Actualidad

Smiljan Radic, ganador del Premio Pritzker: la fragilidad como forma de construir el mundo

Imagen principal
POR María Alejandra Gallardo Contreras |

Una conversación que revela a un arquitecto que desconfía de las certezas, que piensa la obra como un acto frágil y situado, y que, lejos del pedestal del reconocimiento, insiste en el valor del refugio, del tiempo y de lo humano detrás de cada forma.

En Conversaciones sin Pauta, Claudia Alamo conversó con Smiljan Radic, reciente ganador del Premio Pritzker, en una entrevista que no se limita a celebrar el reconocimiento sino que abre grietas, como las que tanto le interesan,  para pensar la arquitectura, el país y la vida desde un lugar incómodo, lúcido y profundamente humano.

Radic: la fragilidad como acto radical

Radic no habla como quien posa desde el pedestal del “Nobel de la arquitectura”. De hecho, lo desarma de entrada: “No se premia al mejor arquitecto del mundo”, dice, con una mezcla de ironía y precisión quirúrgica.

Lo que se premia, explica, es una necesidad: “Se elige a alguien porque permite hablar de la arquitectura en ese momento”. En esa frase hay una clave de lectura de toda la conversación: la arquitectura no como objeto terminado, sino como lenguaje en tensión con su tiempo.

Ese mismo desplazamiento aparece cuando habla de lo “frágil”, concepto que atraviesa su obra y su pensamiento. Lejos de cualquier romanticismo, Radic lo sitúa en lo precario, en lo efímero, en lo que depende de una biografía concreta: “Se muere alguien y se muere la construcción”.

Construir entre lo leve y lo eterno

La arquitectura, entonces, no como monumento eterno, sino como huella vulnerable. No como piedra que perdura, sino como gesto que puede desaparecer.

Y sin embargo, la piedra también está. Ahí emerge uno de los contrapuntos más interesantes de la conversación: ligereza y peso, membrana y geología. Pero Radic desarma esa oposición aparente: “No es el peso físico, tiene como una especie de memoria, es un peso intelectual”.

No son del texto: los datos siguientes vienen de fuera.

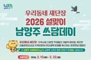 한민일보 서울포커스 김성윤 기자 | 남양주시는 10일부터 22일까지 시 전역에서 ‘설맞이 우리동네 새단장 남양주 쓰담데이 집중 추진기간’을 운영한다고 밝혔다. 이번 집중 추진은 설 명절을 앞두고 생활권 주변 환경을 정비하고 시민이 일상 속에서 실천하는 환경정화 활동을 확산하기 위해 마련됐다. ‘남양주 쓰담데이’는 시가 운영하는 대표적인 시민참여형 환경정화 프로그램이다. 특히 이번 쓰담데이는 행정안전부가 추진하는 전국 단위 환경정화 캠페인 ‘우리동네 새단장’과 연계해 추진한다. 지역별·단체별 자율 참여를 통해 공동체 중심의 환경 개선 활동을 확산하는 데 의미를 둔다. 2026년 현재 쓰담데이에는 약 5,200명과 277개 단체가 참여한다. △환경보호단체 △지역사회단체 △우리아파트봉사단 △상인회 등 다양한 주체가 정기적인 활동을 이어가고 있다. 시는 이번 집중 추진기간을 통해 명절 전 도시 환경을 정비하고, 시민 주도의 환경보전 실천 분위기를 확산시킬 방침이다. 이후에도 시민 중심의 자율적인 마을 단위 쓰담데이를 위한 행정적 지원을 지속할 계획이다. 쓰담데이 참여를 희망하는 시민은 남양주시

Tanto la piedra como lo liviano cumplen la misma función: introducir otra temporalidad, otra forma de percibir el tiempo dentro de la obra. La arquitectura, en su mirada, no organiza solo espacios, sino experiencias del tiempo.

El derecho a lo invisible

Hay en su discurso una desconfianza persistente hacia lo evidente. La transparencia, por ejemplo, tan celebrada en la cultura contemporánea, es para él una ilusión: “No hay cuerpos transparentes, eso no existe”.

Más aún, declara que usa membranas “para ocultar más que para mostrar”. En una época obsesionada con exhibirse, Radic reivindica el derecho al interior, al refugio, a lo que no se ve. “El interior tiene que protegerse”, afirma, y en esa frase se filtra algo más que arquitectura: una ética.

Esa ética se vuelve más nítida cuando aparece su vida personal. El cuidado, la fragilidad humana, la atención al otro. Habla de una “sonosfera”, un mundo donde no se necesita ver para entender lo que ocurre. Es una imagen poderosa: la arquitectura como escucha, como sistema sensible antes que visual. Como refugio antes que espectáculo.

Un país sin base: la arquitectura de la discontinuidad

Pero la conversación no se queda en lo íntimo. Radic también observa el país con una mezcla de desencanto y lucidez. “Chile es un país a medio morir saltando”, dice, y retoma una idea que atraviesa varias capas de la entrevista.

No hay continuidad, no hay base sólida, todo parece comenzar de nuevo cada vez. Esa fragilidad estructural se traduce en ciudades pobres en pensamiento, en reconstrucciones apresuradas, en políticas sin profundidad.

Ahí aparece otro contrapunto: Chile versus Europa. Mientras allá se negocia, se discute, se construye colectivamente, aquí, según Radic, predomina la desconfianza y la rigidez. El resultado es una arquitectura menos dialogada, menos rica, más solitaria.

Entre la fragilidad y la obra: el gesto de desaparecer

Y sin embargo, en medio de ese panorama, su propia práctica se define desde lo pequeño, lo casi artesanal: una oficina reducida, pocos proyectos, tiempo para pensar. “Tengo como diez años más para hacer cinco o seis cosas”, dice. No hay grandilocuencia, sino conciencia del límite.

Quizás ahí radica lo más interesante de su figura: en la tensión constante entre lo mínimo y lo trascendente. Entre la fragilidad y el reconocimiento máximo.

Entre el arquitecto premiado y el hombre que insiste en desaparecer detrás de su obra. “Siempre he querido que mis cosas estén en primera línea, con un personaje ausente atrás”, confiesa. En tiempos de sobreexposición, esa decisión no es menor. Es, probablemente, su gesto más radical.